Simplicidade não é simplismo. Clareza na escrita não deve ser equivalente a pobreza de substância.
Quando se pretende replicar a posições adversas, não é estratégia incomum a caricatura ou a omissão de referências exactas, para ser inverificável o que se atribui a um outrém indefinido. Essa foi a estratégia de João Costa e, lamento, de João Couvaneiro. Referem posições críticas, reduzindo-as a formulações simplistas, sem emissores reconhecíveis, para lhes ser mais fácil manipular a argumentação na resposta. Receiam nomear e citar com rigor o que foi dito ou escrito, para poderem afirmar que estão a discutir “ideias” e “conceitos” em abstracto. Mas a verdade é que na introdução até chamam a ética à pedra para legitimarem a prosa produzida que apresentam como “reacção” e “resposta”. Mas não dizem a quem estão a reagir ou responder. Preferem reduzir a expressões caricaturais o pensamento alheio. Nisso fazem muito lembrar o livro-testemunho da ministra MLR, incapaz de ir além da sua circunstância pessoal.

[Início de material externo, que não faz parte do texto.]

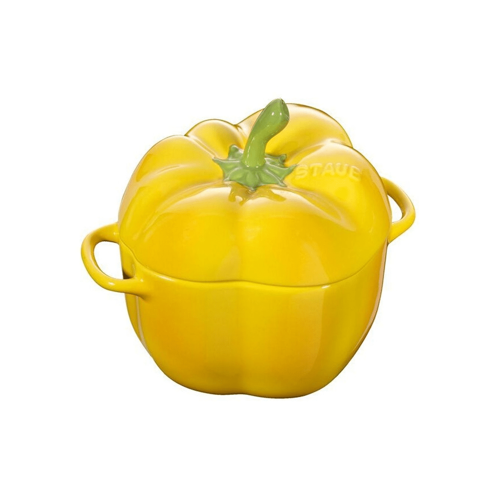 Met de Staub Ceramique cocotte in de vorm van een paprika breng je meteen kleur en charme op tafel. Deze unieke schaal in paprika geel is geïnspireerd op de natuur en zorgt voor een speelse maar stijlvolle presentatie van je gerechten. Ideaal voor kleine porties soep, groenten of bijgerechten bij vlees en vis.
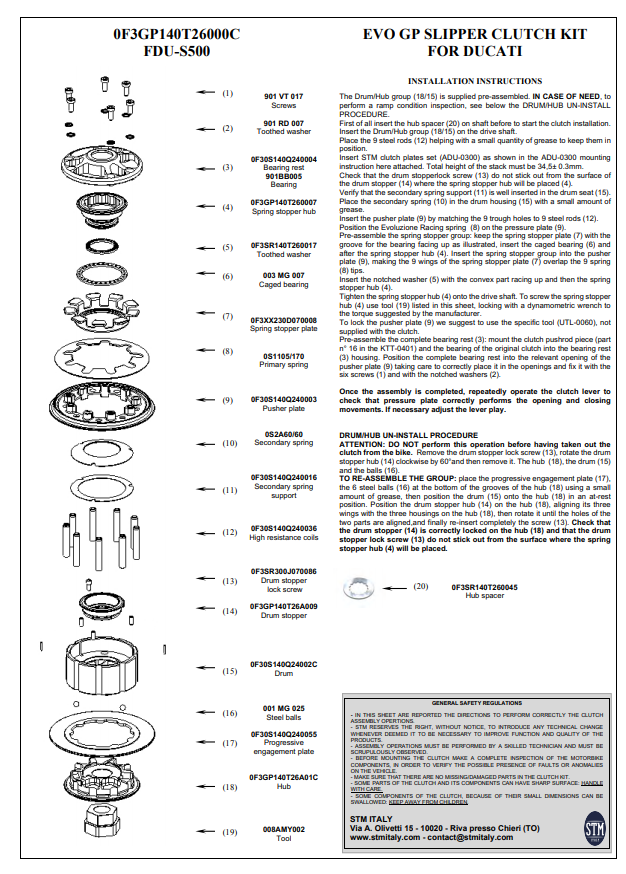 STM EVO GP suha spojka za Ducati Panigale 1199/1299 zamjenjuje originalnu mokru spojku s performantnijom suhom spojkom. Smanjuje gubitak snage i poboljšava kontrolu i performanse na trkačkoj stazi i u sportskom radu. U usporedbi s EVO SBK varijantom, ova spojka ima vanjski koš s 40 zuba i dodatne hladnjake (vidi sliku Z40 koš) za još bolje odvođenje topline.

Pessoalmente, acho de uma imensa falta de coragem, o que se quer passar por “elevação”. Não chega a ser sobranceria, pois carece da devida sustentação. Fica-se, no fundo, pelo “achismo” quando se pretende apontar isso a quem não alinha com uma tendência específica do pensamento pedagógico da segunda metade do século XX.
Agora… pensem que escrevi isto e só li o prefácio e a introdução, passando os olhos sobre o resto. Ao contrário dos autores, tenho todo o interesse em citar com clareza tudo o que discordo, porquê e com base em que pensadores, estudos, “evidências”. É essa a longa tradição do verdadeiro “pensamento crítico”.